Выбрать главу

Расправившись с расстоянием, Москва взялась за время: здесь жить торопятся и чувствовать спешат.

— Особенно — за рулем, — добавлю я, вспомнив красивую блондинку, которая ехала в своем «Мерседесе» по тротуару Садового кольца. Причем — давно: кольцо большое, да и пробок не меньше. Как и все остальные, она не отрывалась от мобильника. Благодаря ему, гость в Москве знает все о хозяевах. Иногда больше, чем хотелось бы, как это случилось на Пречистенке, когда идущий передо мной бизнесмен горячо и простодушно доверял телефону свои бескомпромиссно преступные планы.

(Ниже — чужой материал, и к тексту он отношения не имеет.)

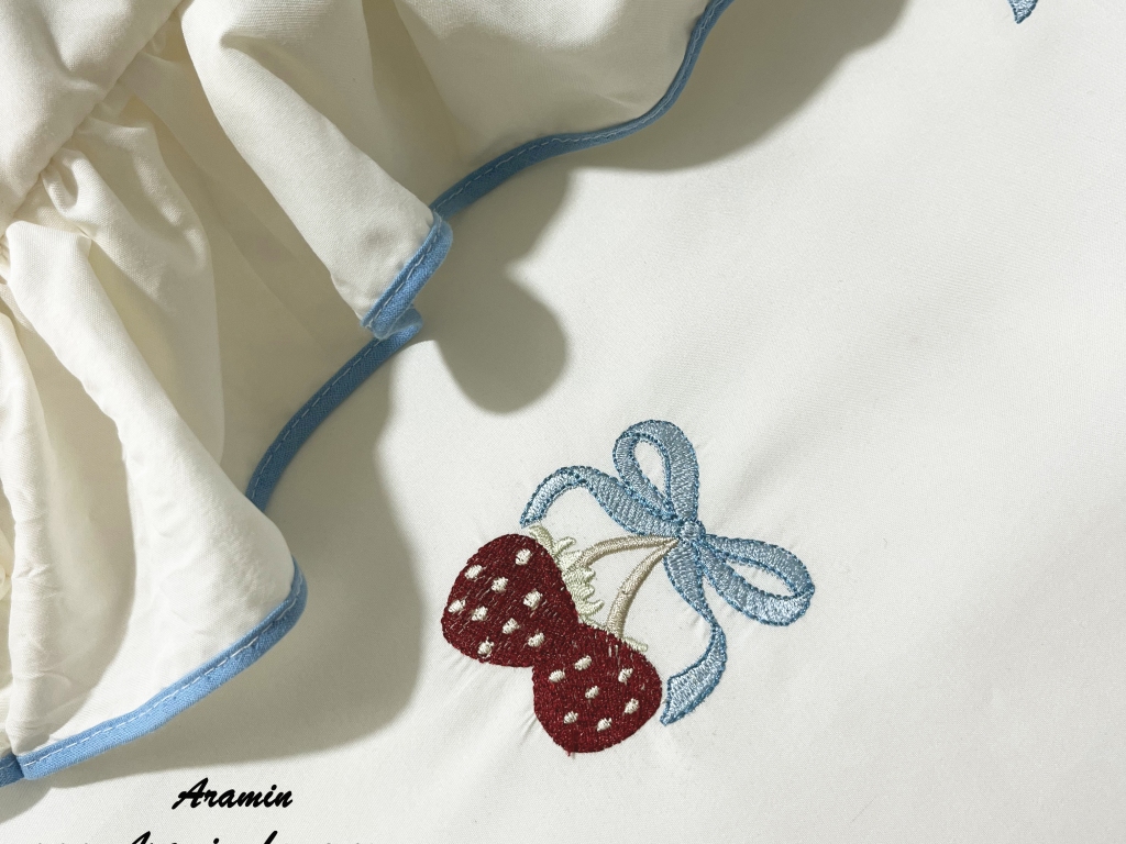این ست زیبا با گلدوزی‌ و مغزی‌دوزی ظریف طرح توتفرنگی و پاپیون ترند و دور چین دار، گزینه‌ای شاد و خاص برای دکوراسیون اتاق خواب است. طراحی چشم‌نواز و رنگ‌های ملایم آن، حس تازگی و طراوت را به فضای شما می‌بخشد.

«Славянская душа, — умилился я, — всегда нараспашку». И тут же убедился в этом за чашкой кофе в стоячем арбатском буфете, где рядом со мной, но не обращая на меня внимания, завтракала девица в пронзительно короткой юбке. Биография ее была немногим длиннее, судя по тому, как быстро она ее выплеснула своему сотовому собеседнику. Исчерпав тему, девушка тревожно задала трубке встречный вопрос:

— А ты что вообще по жизни делаешь?

Задумавшись над ответом на чужой, но и мне не чуждый вопрос, я решил, что пора набраться мудрости. Спустившись в метро за очередным афоризмом, я с удивлением прочел его: «Будет богат, кто на поле своем трудов не жалеет». Катон.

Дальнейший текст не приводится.